…. I have been busy last week!

Yes, sorry, really.. I mean, I wasn’t really busy, but I was busy denying your death. In a way. There was one night when I woke up at around 2 am and it hit me like a truck, exactly like when I heard it for the very first time: MARIE IS DEAD. I couldn’t fall asleep again and laid in my bed, wide awake, shaking, my heart racing. It was the first time after weeks when I felt the impact of your passing again.

Ironically enough, I have no problem whatsoever listening to your music. To be honest: It’s the opposite. I put all of your tracks (well, at least all I have; Roxette, solo, live, unplugged, demos, remixes, b-sides) on a USB stick and listen to your catalogue constantly since mid December. I love it!

I remember that I had some nice chats with Christoffer regarding your voice; how it became so much rougher after your illness, and how we both love this rough voice of yours, this voice that makes you know in the second you hear it that the person with this voice went through a lot.

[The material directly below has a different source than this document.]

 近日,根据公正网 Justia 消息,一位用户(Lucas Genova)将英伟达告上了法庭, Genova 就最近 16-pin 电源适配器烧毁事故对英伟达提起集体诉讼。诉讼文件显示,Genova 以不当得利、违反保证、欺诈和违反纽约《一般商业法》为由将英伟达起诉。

I must say, I liked that voice of yours really a lot. It was rough, but at the same time totally fragile. I listened to “Ingen kommer undan politiken” and it’s one song where you can hear that “I’ve been through a lot, I am vulnerable and yet invincible” a lot. I am so going to miss listening to new songs sung by your for the first time. There will be no first times anymore. And this is incredibly sad.

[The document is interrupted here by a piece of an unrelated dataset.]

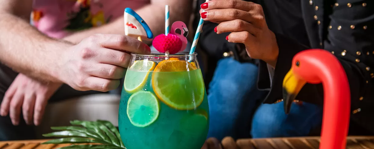 Flamingle upstairs at THRōW Social in an easy, breezy tropical atmosphere. Sip on specialty cocktails, indulge in mouthwatering food, and enjoy live DJs all day (or night!) long. Rent a VIP Cabana, play backyard-style games like corn hole & light-up ping-pong, then dance the night away!
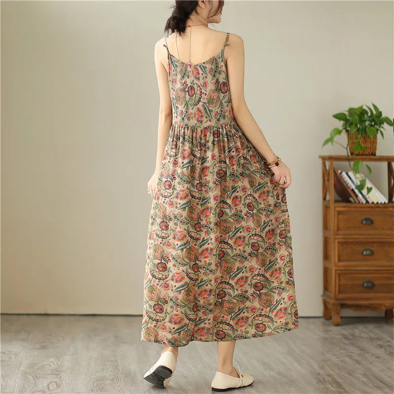 Summer Cotton Sleeveless Spaghetti Strap Print Vintage Long Dresses For Women 2023 New Casual Beach Dress Femme Elegant Clothing

I remember the first time that I listened to “Min bäste vän”. At first I was a bit irritated about the production you and Mikael chose, then I didn’t know the songs, but the second time around I adored the joie de vivre of that album. It shines through every line, even in Aftonfalken or Här kommer natten. I will also never forget the first time I heard “Have a nice day”. I was shocked, and it took me three days to get over it. Then I grew to love it, there are some real gems on it. And your vocals are outstanding.

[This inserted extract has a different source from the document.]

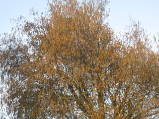 Silver birch full of catkins - clouds of pollen

It’s a pity that there won’t be any first times anymore. The fascination of a first moment, a first feeling, a first though on a certain song, melody or lyrics. Your music made my life better, your music WAS a huge part of my life. And I could give you a lot of situations where I heard a special song. The connection is back immediately. Moments I will never forget again. Thank you for that!

And if you read this, you might think I am rambling. I don’t deny it, I am rambling. There is so much in my head right now, that I am not able to sort out first. I needs and wants out, and I let it. You would have approved, I guess.